Think of a block as a group of entities that are grouped together as one element. The block has:

Origin
Rotation
Scale

Such blocks are referenced in the drawing itself and each instance of the block is called an INSERT.

So when you walk your ENTITIES section and you hit an INSERT entity, you then have to find its handle in the BLOCK table and process the elements accordingly.

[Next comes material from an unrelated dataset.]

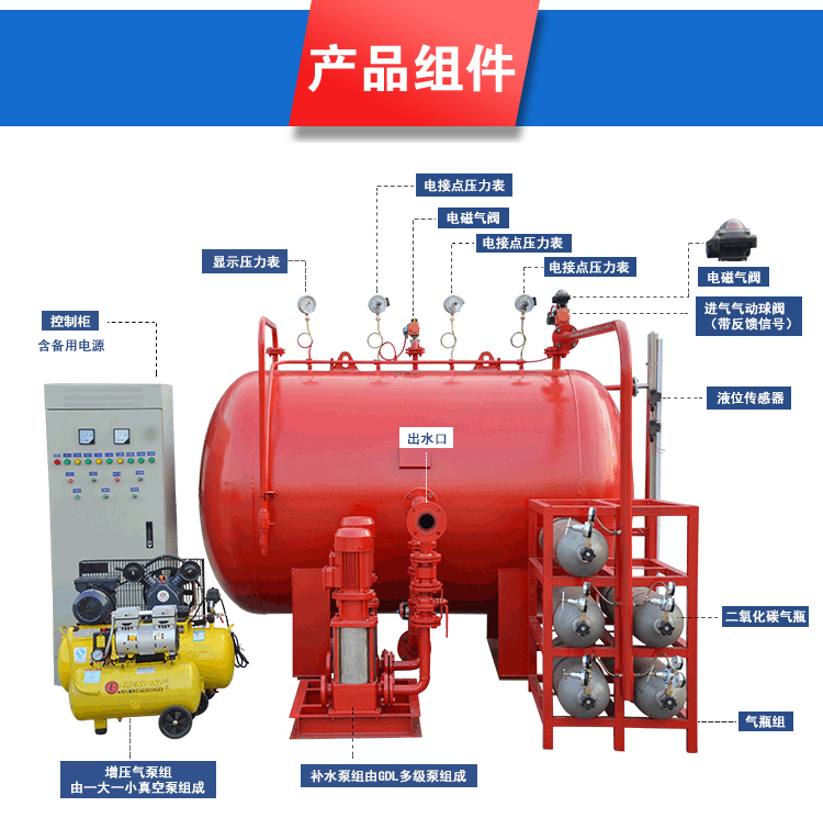 气体顶压 邦裕得给水设备D12/30-18-BYD 性能可靠 消防气体顶压设备 额定容量 | 1800L | ||
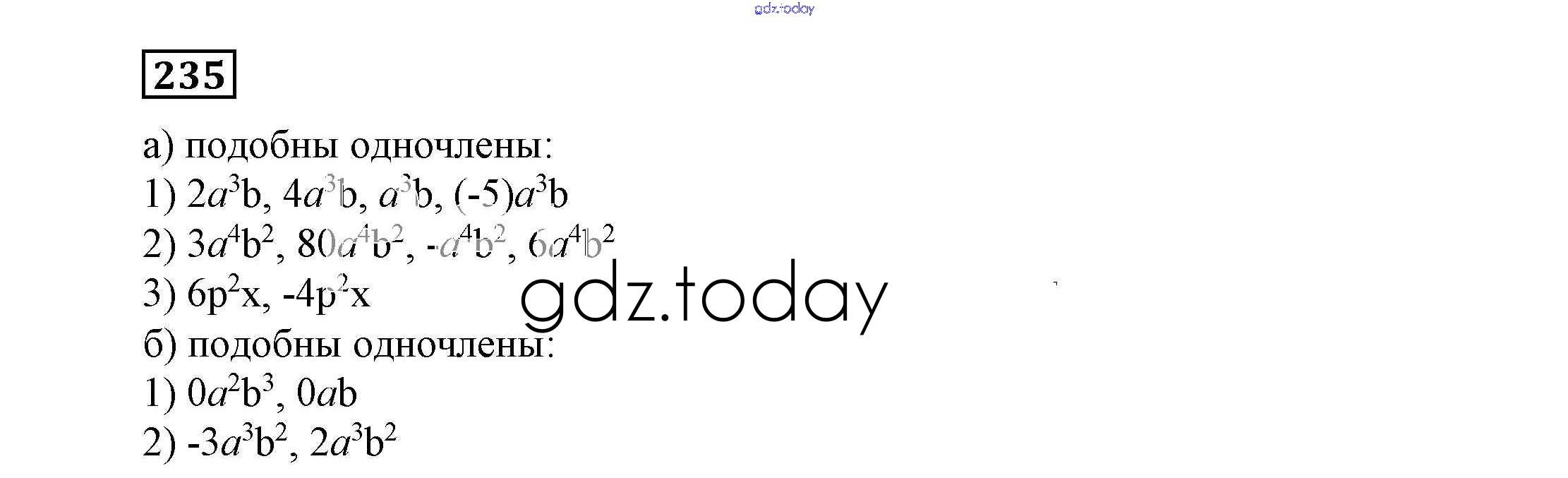 На страницах сайта gdz.today вы найдете учебный и вспомогательный материал, направленный на улучшения знаний школьной программы. ГДЗ - онлайн мир знаний Решение к eпражнениям 235 Учебнику по Алгебре для 7 класса Никольский, Потапов Просвещение МГУ - школе 2013

There are some DXF codes that are common to many entities and they are not always listed with the information for a specific entity type (like LWPOLYLINE).

Look at this complete list for those numbers:

5: Entity handle; text string of up to 16 hexadecimal digits (fixed)

330: Soft-pointer handle; arbitrary soft pointers to other objects within same DXF file or drawing. Translated during INSERT and XREF operations

100: Subclass data marker (with derived class name as a string). Required for all objects and entity classes that are derived from another concrete class. The subclass data marker segregates data defined by different classes in the inheritance chain for the same object. This is in addition to the requirement for DXF names for each distinct concrete class derived from ObjectARX (see Subclass Markers)

This page is also useful.

Why are there 2 LWPOLYLINES in the first place and why is it not only one BLOCK-ENDBLK pair?

If you read through the section about BLOCKS you'll see:

Model Space and Paper Space Block Definitions

Three empty definitions always appear in the BLOCKS section. They are titled *Model_Space, *Paper_Space and *Paper_Space0. These definitions manifest the representations of model space and paper space as block definitions internally. The internal name of the first paper space layout is *Paper_Space, the second is *Paper_Space0, the third is *Paper_Space1, and so on.